Signed-off-by: Jan Kara <jack@suse.cz>
---
 block/blk.h               | 10 +++++++++-
 block/bounce.c            |  9 +++++++--
 include/linux/blk_types.h |  1 +
 mm/Kconfig                |  8 ++++----
 4 files changed, 21 insertions(+), 7 deletions(-)

Comments

Christoph Hellwig Feb. 13, 2023, 9:59 a.m. UTC | #1
Eww.  The block bounc code really needs to go away, so a new user
makes me very unhappy.

But independent of that I don't think this is enough anyway.  Just
copying the data out into a new page in the block layer doesn't solve
the problem that this page needs to be tracked as dirtied for fs
accounting.  e.g. every time we write this copy it needs space allocated
for COW file systems.

Which brings me back to if and when we do writeback for pinned page.
I don't think doing any I/O for short term pins like direct I/O
make sense.  These pins are defined to be unpinned after I/O
completes, so we might as well just wait for the unpin instead of doing
anything complicated.

Long term pins are more troublesome, but I really wonder what the
defined semantics for data integrity writeback like fsync on them
is to start with as the content is very much undefined.  Should
an fsync on a (partially) long term pinned file simplfy fail?  It's
not like we can win in that scenario.
Jan Kara Feb. 14, 2023, 1:56 p.m. UTC | #2
On Mon 13-02-23 01:59:28, Christoph Hellwig wrote:
> Eww.  The block bounc code really needs to go away, so a new user
> makes me very unhappy.
> 
> But independent of that I don't think this is enough anyway.  Just
> copying the data out into a new page in the block layer doesn't solve
> the problem that this page needs to be tracked as dirtied for fs
> accounting.  e.g. every time we write this copy it needs space allocated
> for COW file systems.

Right, I forgot about this in my RFC. My original plan was to not clear the
dirty bit in clear_page_dirty_for_io() even for WB_SYNC_ALL writeback when
we do writeback the page and perhaps indicate this in the return value of
clear_page_dirty_for_io() so that the COW filesystem can keep tracking this
page as dirty.

> Which brings me back to if and when we do writeback for pinned page.
> I don't think doing any I/O for short term pins like direct I/O
> make sense.  These pins are defined to be unpinned after I/O
> completes, so we might as well just wait for the unpin instead of doing
> anything complicated.

Agreed. For short term pins we could just wait which should be quite
simple (although there's some DoS potential of this behavior if somebody
runs multiple processes that keep pinning some page with short term pins).
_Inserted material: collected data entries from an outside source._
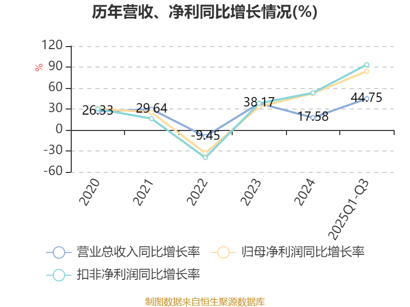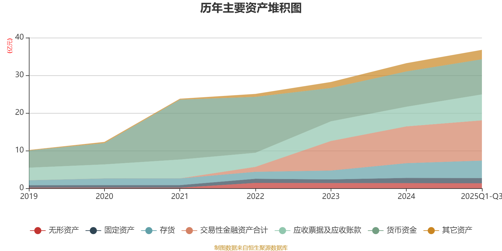 资产重大变化方面,截至2025年三季度末,公司应收票据及应收账款较上年末增加31.71%,占公司总资产比重上升2.99个百分点;货币资金较上年末减少0.42%,占公司总资产比重下降2.83个百分点;存货较上年末增加18.88%,占公司总资产比重上升0.87个百分点;应收款项融资较上年末增加101.58%,占公司总资产比重上升0.79个百分点。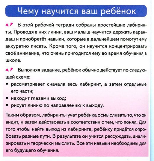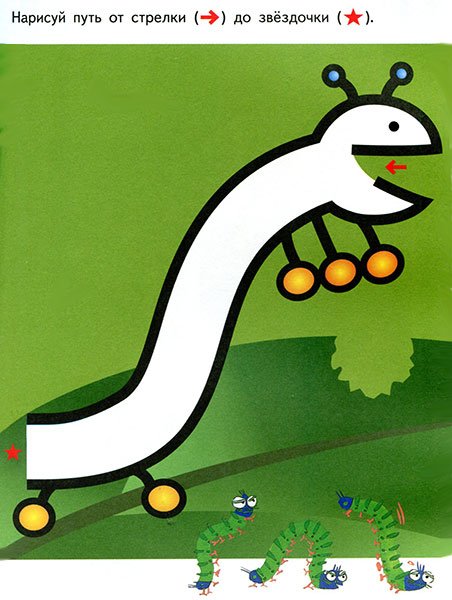 В ней собраны простейшие лабиринты, рисуя в которых ребёнок научится держать карандаш и уверенно проводить линии.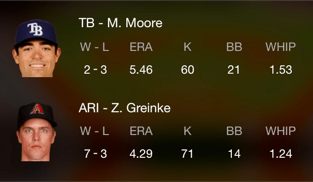I’m also taking Zack Greinke and the Arizona Diamondbacks at home versus the Tampa Bay Rays. Greinke is 4-0 in his last four starts and carries a career 3.42 ERA against Tampa Bay. With Greinke’s ability to locate four different pitches, it makes it extremely difficult for opposing batters to square up his pitches when he’s pounding the zone. The moneyline is a bit pricey (-180) but I see them winning this game behind their ace.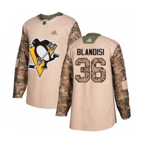 >Youth Pittsburgh Penguins #36 Joseph Blandisi Authentic Camo Veterans Day Practice Hockey Jersey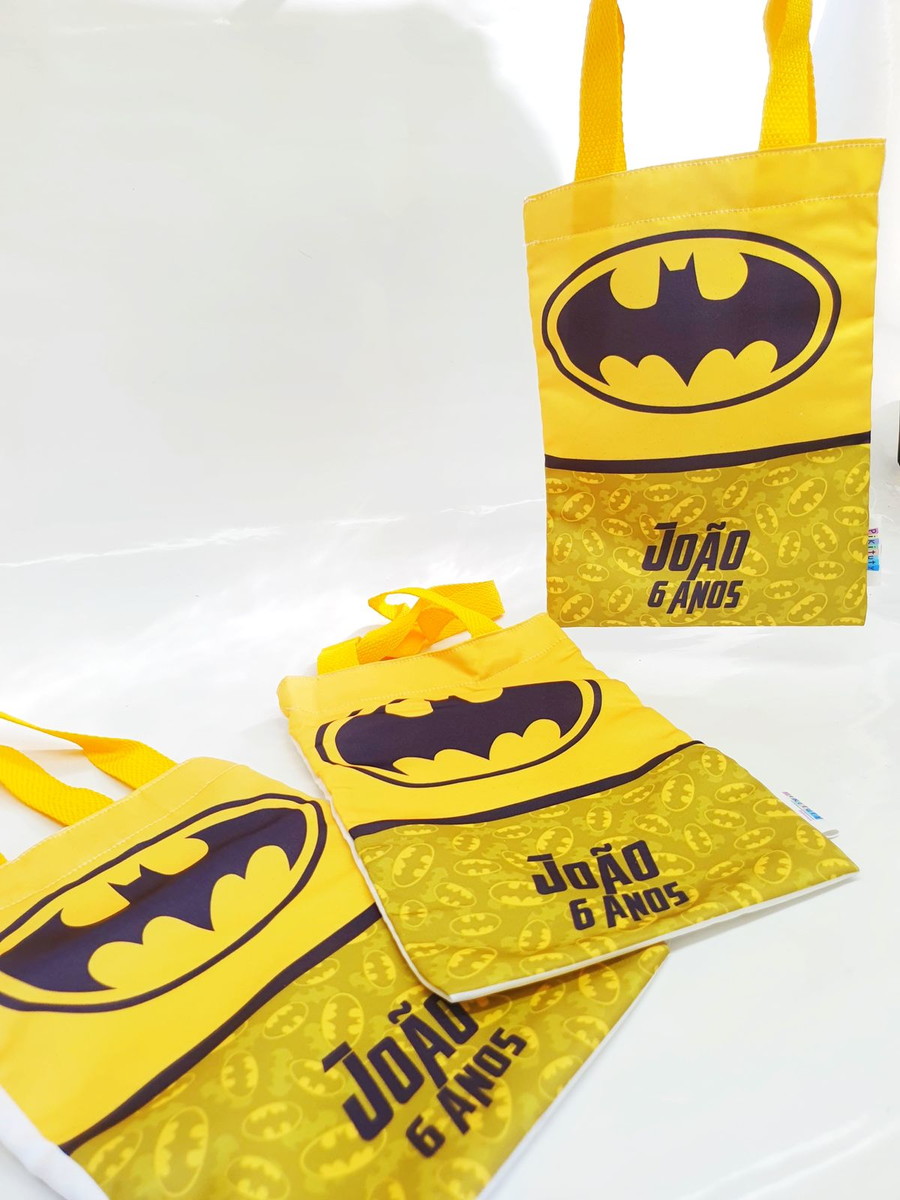 Sacola Ecobag 20x28 cm personalizada no tema da festa com alça colorida de acordo com o evento.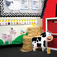 The cute and happy animals in this Jumbo Farm Friends Bulletin Board will add charm to bulletin boards, doors, and any classroom space. These colorful farm animals (cow, donkey, horse, chickens, pig, sheep, baby chicks) are perfect for use in a variety of classroom displays and themes: science, farm, and animals. Perfect for early childhood classrooms.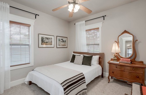 A spacious Johnson City home, just one block from the Main Square. Four bedroom, two bath house with vaulted living and kitchen space. The home has three queen beds, one day bed and one sofa - sleeping a total of 8 people. An air mattress is available as well.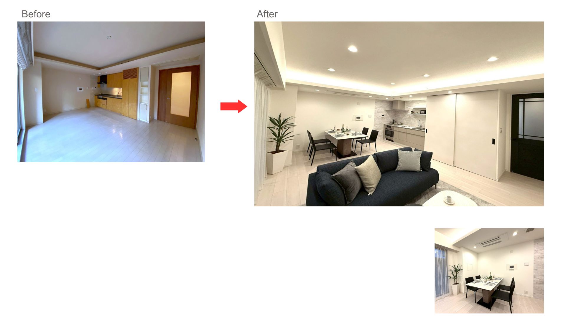 ■部位:全室フローリング及び水回り床貼替、全クロス貼替(壁・天井)、各室扉交換、巾木新規、新規キッチン交換、新規ユニットバス交換、浴室乾燥機交換、洗面化粧台交換、給湯器交換、温水洗浄便器交換、コンセントフェイスおよびスイッチフェイス交換、換気口交換、照明球LED全交換(白熱色)、エアコン新規(LD、洋室)等
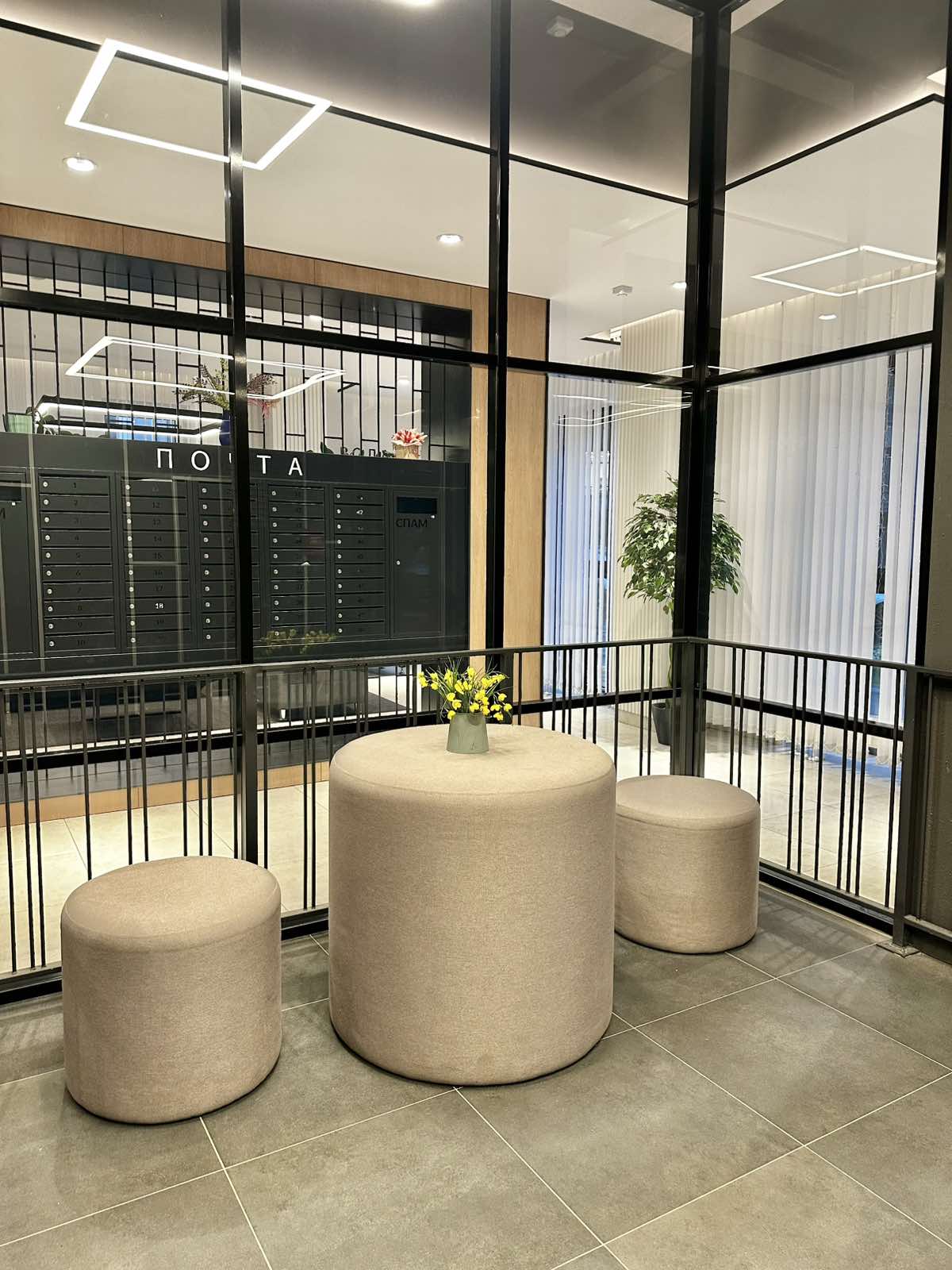Видеонаблюдение по периметру дома и в лифтах, на входе в подъезде консьерж, атмосферный холл для ожидания.

> Long term pins are more troublesome, but I really wonder what the
> defined semantics for data integrity writeback like fsync on them
> is to start with as the content is very much undefined.  Should
> an fsync on a (partially) long term pinned file simplfy fail?  It's
> not like we can win in that scenario.

Well, we have also cases like sync(2) so one would have to be careful with
error propagation and I'm afraid there are enough programs out-there that
treat any error return from fsync(2) as catastrophic so I suspect this
could lead to some surprises. The case I'm most worried about is if some
application sets up RDMA to an mmaped file, runs the transfer and waits for
it to complete, doesn't bother to unpin the pages (keeps them for future
transfers) and calls fsync(2) to make data stable on local storage. That
does seem like quite sensible use and so far it works just fine. And not
writing pages with fsync(2) would break such uses.

								Honza
Dave Chinner Feb. 15, 2023, 4:59 a.m. UTC | #3
On Tue, Feb 14, 2023 at 02:56:04PM +0100, Jan Kara wrote:
> On Mon 13-02-23 01:59:28, Christoph Hellwig wrote:
> > Eww.  The block bounc code really needs to go away, so a new user
> > makes me very unhappy.
> > 
> > But independent of that I don't think this is enough anyway.  Just
> > copying the data out into a new page in the block layer doesn't solve
> > the problem that this page needs to be tracked as dirtied for fs
> > accounting.  e.g. every time we write this copy it needs space allocated
> > for COW file systems.
> 
> Right, I forgot about this in my RFC. My original plan was to not clear the
> dirty bit in clear_page_dirty_for_io() even for WB_SYNC_ALL writeback when
> we do writeback the page and perhaps indicate this in the return value of
> clear_page_dirty_for_io() so that the COW filesystem can keep tracking this
> page as dirty.

I don't think this works, especially if the COW mechanism relies on
delayed allocation to prevent ENOSPC during writeback. That is, we
need a write() or page fault (to run ->page_mkwrite()) after every
call to folio_clear_dirty_for_io() in the writeback path to ensure
that new space is reserved for the allocation that will occur
during a future writeback of that page.

Hence we can't just leave the page dirty on COW filesystems - it has
to go through a clean state so that the clean->dirty event can be
gated on gaining the space reservation that allows it to be written
back again.

Cheers,

Dave.
Christoph Hellwig Feb. 15, 2023, 6:24 a.m. UTC | #4
On Wed, Feb 15, 2023 at 03:59:52PM +1100, Dave Chinner wrote:
> I don't think this works, especially if the COW mechanism relies on
> delayed allocation to prevent ENOSPC during writeback. That is, we
> need a write() or page fault (to run ->page_mkwrite()) after every
> call to folio_clear_dirty_for_io() in the writeback path to ensure
> that new space is reserved for the allocation that will occur
> during a future writeback of that page.
> 
> Hence we can't just leave the page dirty on COW filesystems - it has
> to go through a clean state so that the clean->dirty event can be
> gated on gaining the space reservation that allows it to be written
> back again.

Exactly.  Although if we really want we could do the redirtying without
formally moving to a clean state, but it certainly would require special
new code to the same steps as if we were redirtying.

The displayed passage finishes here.